Antiparaziter uygulamalar evcil hayvan sahiplerimizin sağlığı için gereken en önemli hizmettir. Zoonoz hastalıklar diye tabir edilen hayvanlardan insanlara bulaşan hastalıkların önlenmesinde en önemli husus iç-dış parazit ilaçlarının düzenli bir biçimde uygulanmasıdır. Tenya, Toxoplasma, Erlischia, Lyme, kist hidatik gibi pek çok paraziter hastalık önce hayvanlara, arkasından da insanlara bulaşmaktadır.

Halk arasında en çok bilinen “kedi tüyü kist yapar” söyleminin kaynağı bu tip paraziter hastalıklardır.

Ülkemizde son senelerde çok sık görüldüğü anlaşılan Lyme hastalığı kenelerle önce köpeğinize arkasından da size geçebilme tehlikesi olan bir hastalıktır. Borrelia burgdorferi isimli bakteri Ixodes cinsi keneler aracılığı ile önce köpeğinize akabinde de size bulaşabilmektedir. Bu hastalıkla mücadelede köpeğinizin dış parazit uygulamalarının düzenli şekilde uygulanması en önemli kıstastır.

Yine Erlischia dediğimiz, pire ve kenelerden köpeklere bulaşan hastalık, kan yolu ile biz insanlara bulaşabilmektedir. Üzülerek söylemek gerekir ki Melodim Veteriner Kliniği olarak Ataşehir’den başvuran hastalarımızda bu hastalığı tespit edebilmekteyiz.

Petinize düzenli şekilde uygulanmakta olan anti paraziter veya iç-dış parazit ilaçları bu tip zoonoz hastalıkların sahiplerine bulaşmasını engellemektedir.

Bu hastalıkların birden çok  bulaşma yolu olduğundan düzenli iç-dış parazit uygulamalarından diğer bir çözüm bulunmamaktadır.

Tepebaşı ve Odunpazarı bölgesinde pet sahipleri tarafından en sık söylenen cümlelerden biri “benim kedim 7. Katta yaşıyor, aşı yaptırmasam olur mu?” sorusudur.

Bu konu da; unutulmamalıdır ki kediniz veya köpeğiniz hiç dışarı çıkmasa bile doğada parazitlerle yine de karşılacaktır.

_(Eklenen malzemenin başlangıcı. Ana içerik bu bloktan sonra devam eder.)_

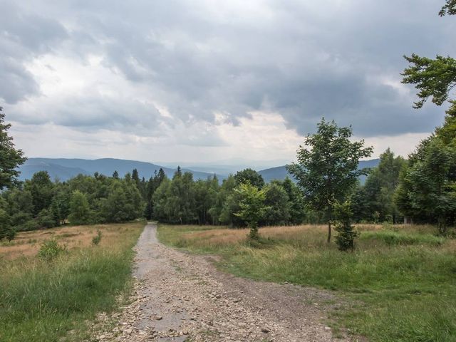 Żółty szlak na Hrobaczą Łąkę, tuż za parkingiem skręca w prawo. Początkowo szeroka trasa stopniowo przechodzi w wąską, leśną ścieżkę. Po około 45 minutach, żółty szlak łączy się z czarnym szlakiem, który prowadzi od strony Bielska-Białej. Za 15 minut dojdziecie do Przełęczy u Panienki, która znajduje się pomiędzy Groniczkiem i Hrobaczą Łąką.
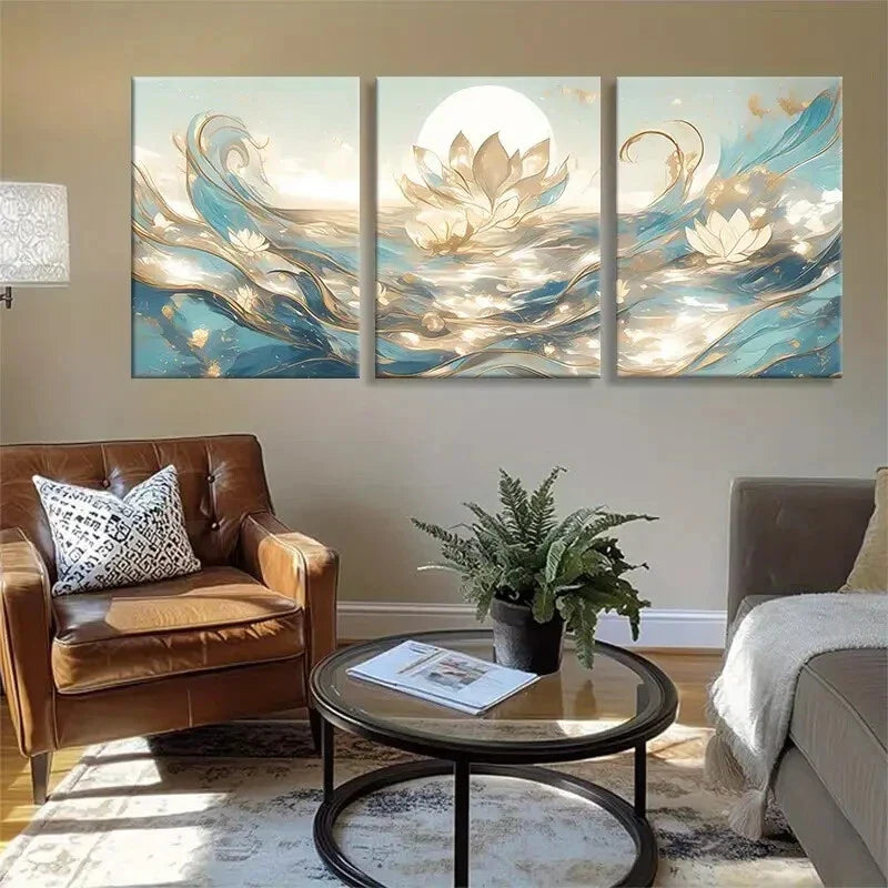 3pcs Elegant Soft Blue and Golden Tones Perfect Wall Art Set Canvas Framed 40x60cm - High Quality Print 100% Australian Made Wall Canvas Ready to Hang

Dolayısıyla sarılıp uyuduğunuz, yumuşak tüylerini okşadığınız sevimli dostlarımız veteriner hekim kontrolünde düzenli şekilde muhakkak aşılanmalıdır.

Bölgesel olarak sık karşılaşılan parazitleri belirleyebilmek mesleki bir deneyim gerektirmektedir.

Melodim Veteriner Kliniği olarak bu parazitlerin hangi bölgeler de daha fazla gözükebileceğini belirleyebilmek adına yoğun bir çaba içindeyiz.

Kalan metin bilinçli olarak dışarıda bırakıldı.